LIVERMORE, Presiding Judge.

Appellant, All American Pipeline Company, instituted an eminent domain action against appellee, Wayne Klump, to acquire an easement for a petroleum pipeline as permitted by A.R.S. § 12-1111(17). This action, filed on August 6, 1985, was dismissed by appellant on April 14, 1986. This appeal questions the award to appellee of $49,919.71 for litigation expenses and attorneys' fees. We reverse.

Appellee first seeks to sustain the award under the provisions of A.R.S. § 11-972(A).

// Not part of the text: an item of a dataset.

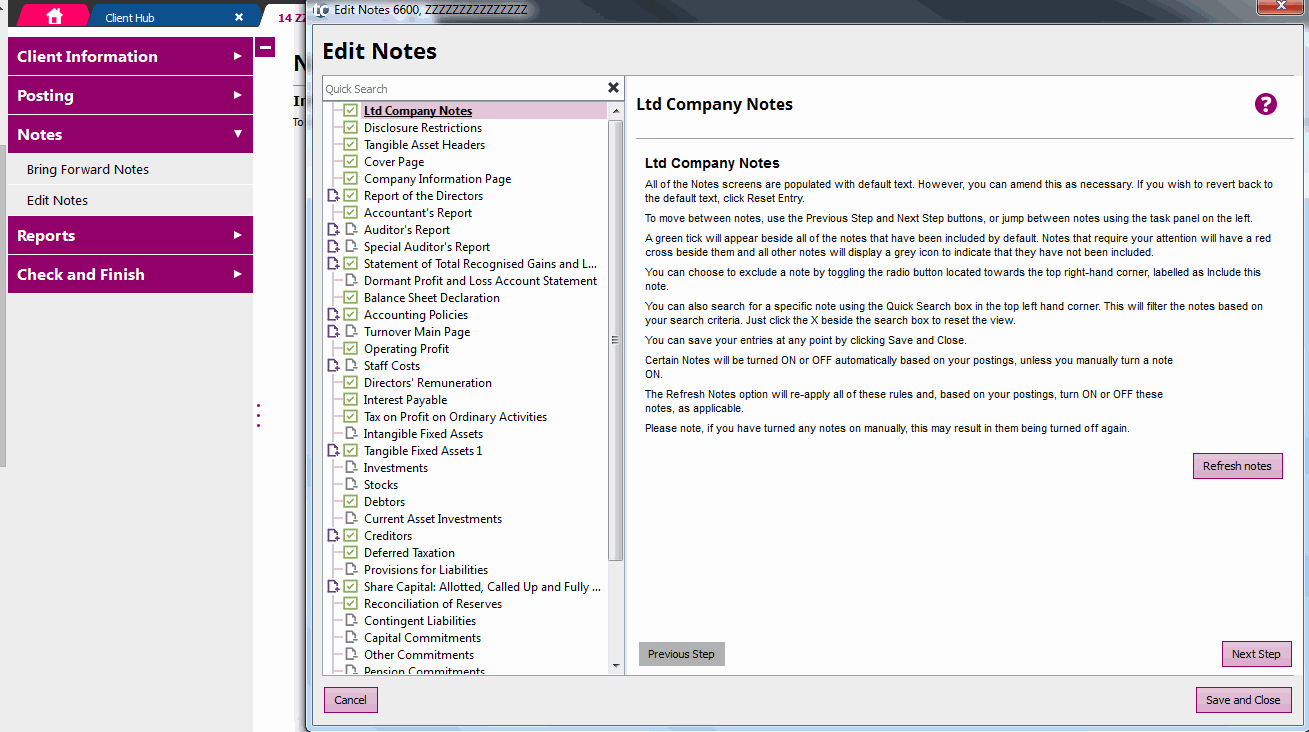 You can create previous years accounts to be able to have comparatives. Make sure that the dates follow each other. How to change notes globally across all clients

That section reads:

The court having jurisdiction of a proceeding instituted by an acquiring agency to acquire real property by condemnation shall award the owner of any right, or title to, or interest in such real property, such sum as will reimburse such owner for his reasonable costs, disburse[608]*608ments and expenses, including reasonable attorney, appraisal and engineering fees actually incurred because of the condemnation proceedings if either of the following occur:
1. The final judgment is that the acquiring agency cannot acquire the real property by condemnation.
2. The proceeding is abandoned by the acquiring agency.

For two reasons, this section is inapplicable. First, § 11-974, titled “When provisions and benefits available,” reads:

This article may apply and be utilized by any acquiring agency by action of the governing or legislative body thereof and shall apply to all acquiring agencies when real property or improvements thereon are acquired or are to be acquired for a project for which federal financial assistance is to defray all, or part of, the costs of such project.

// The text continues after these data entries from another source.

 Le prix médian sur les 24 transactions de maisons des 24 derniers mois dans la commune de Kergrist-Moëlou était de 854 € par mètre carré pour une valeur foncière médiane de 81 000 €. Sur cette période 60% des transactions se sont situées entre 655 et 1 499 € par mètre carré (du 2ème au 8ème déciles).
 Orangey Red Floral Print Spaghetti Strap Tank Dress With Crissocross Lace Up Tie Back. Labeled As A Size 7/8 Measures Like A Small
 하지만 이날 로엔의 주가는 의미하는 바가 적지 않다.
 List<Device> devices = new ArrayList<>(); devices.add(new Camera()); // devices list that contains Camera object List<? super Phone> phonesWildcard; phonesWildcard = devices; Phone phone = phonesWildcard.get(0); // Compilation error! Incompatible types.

Neither clause is applicable on the facts of this case. Second, by its terms § 11-972(A) applies only to actions instituted by an “acquiring agency.” That term is defined in § 11-961(1) as “the state, any department, agency, board or commission of the state, counties, school districts, cities, towns, all municipal corporations and any other political subdivision of the state, except the Arizona highway department.” We see no way in which this language can be read to apply to All American Pipeline Company.1 See Richmond Elks Hall Association v. Richmond Redevelopment Agency, 389 F.Supp. 486 (N.D.Cal.1975), affirmed, 561 F.2d 1327 (9th Cir.1977).

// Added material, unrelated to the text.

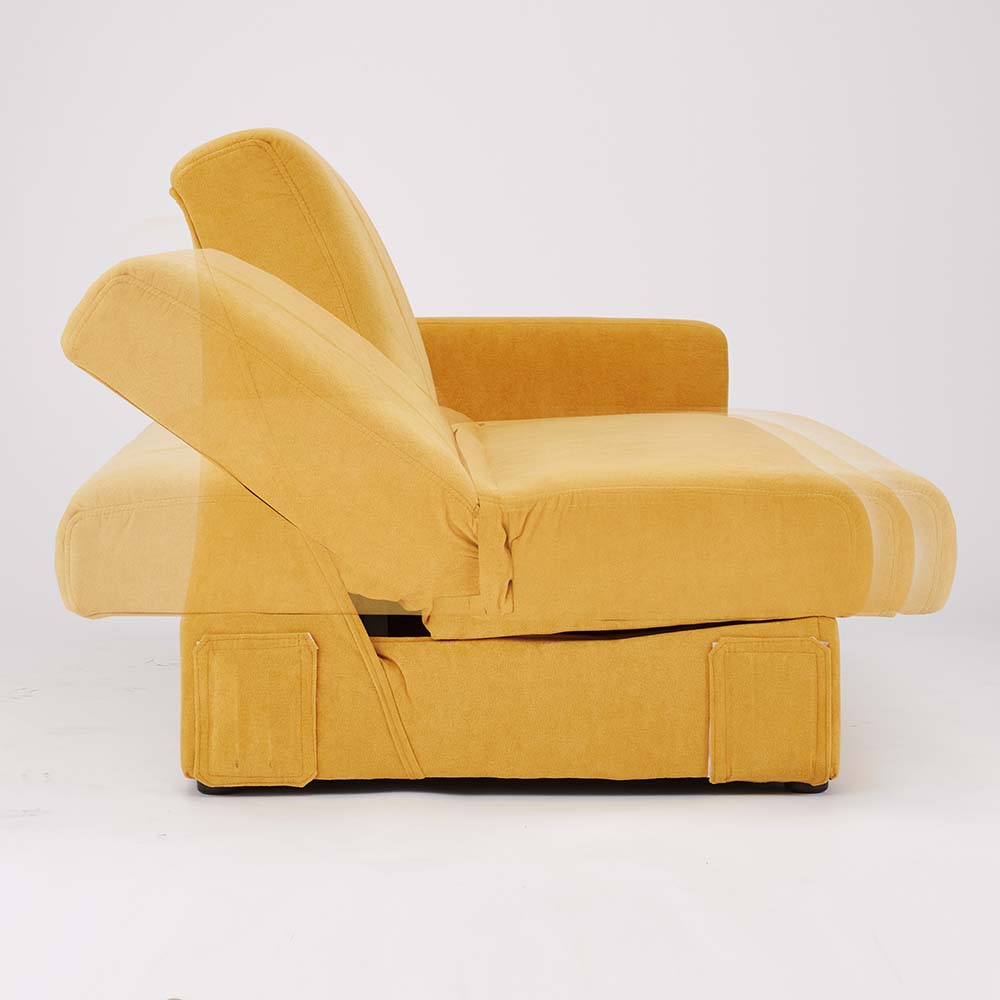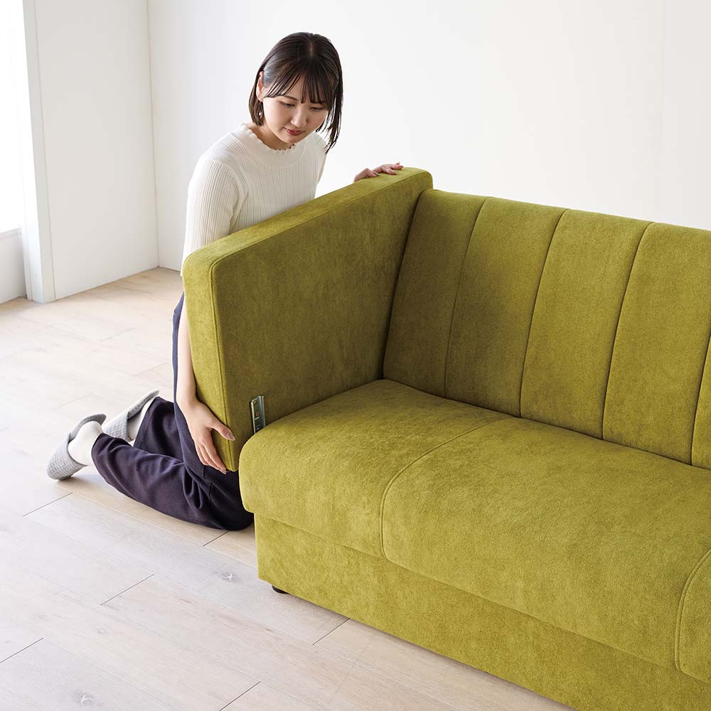 座面を持ち上げ、背もたれを倒すだけのカンタン操作でソファからベッドに。

Alternatively, appellee argues that the award can be justified because appellant’s abandonment of its eminent domain proceeding was in bad faith. See State v. Helm, 86 Ariz. 275, 345 P.2d 202 (1959); City of Scottsdale v. Paradise Valley Water Co., 152 Ariz. 251, 731 P.2d 616 (App.1986). Because the trial judge did not state that this was the basis of the award, instead perhaps having relied on § 11-972(A), and because there are factual disputes that must be resolved before bad faith can be found, we remand for further proceedings. Because such proceedings are necessary, they may also encompass the propriety of the amounts sought by appellee.

Reversed.

HATHAWAY, C.J., and LACGNINA, J., concur.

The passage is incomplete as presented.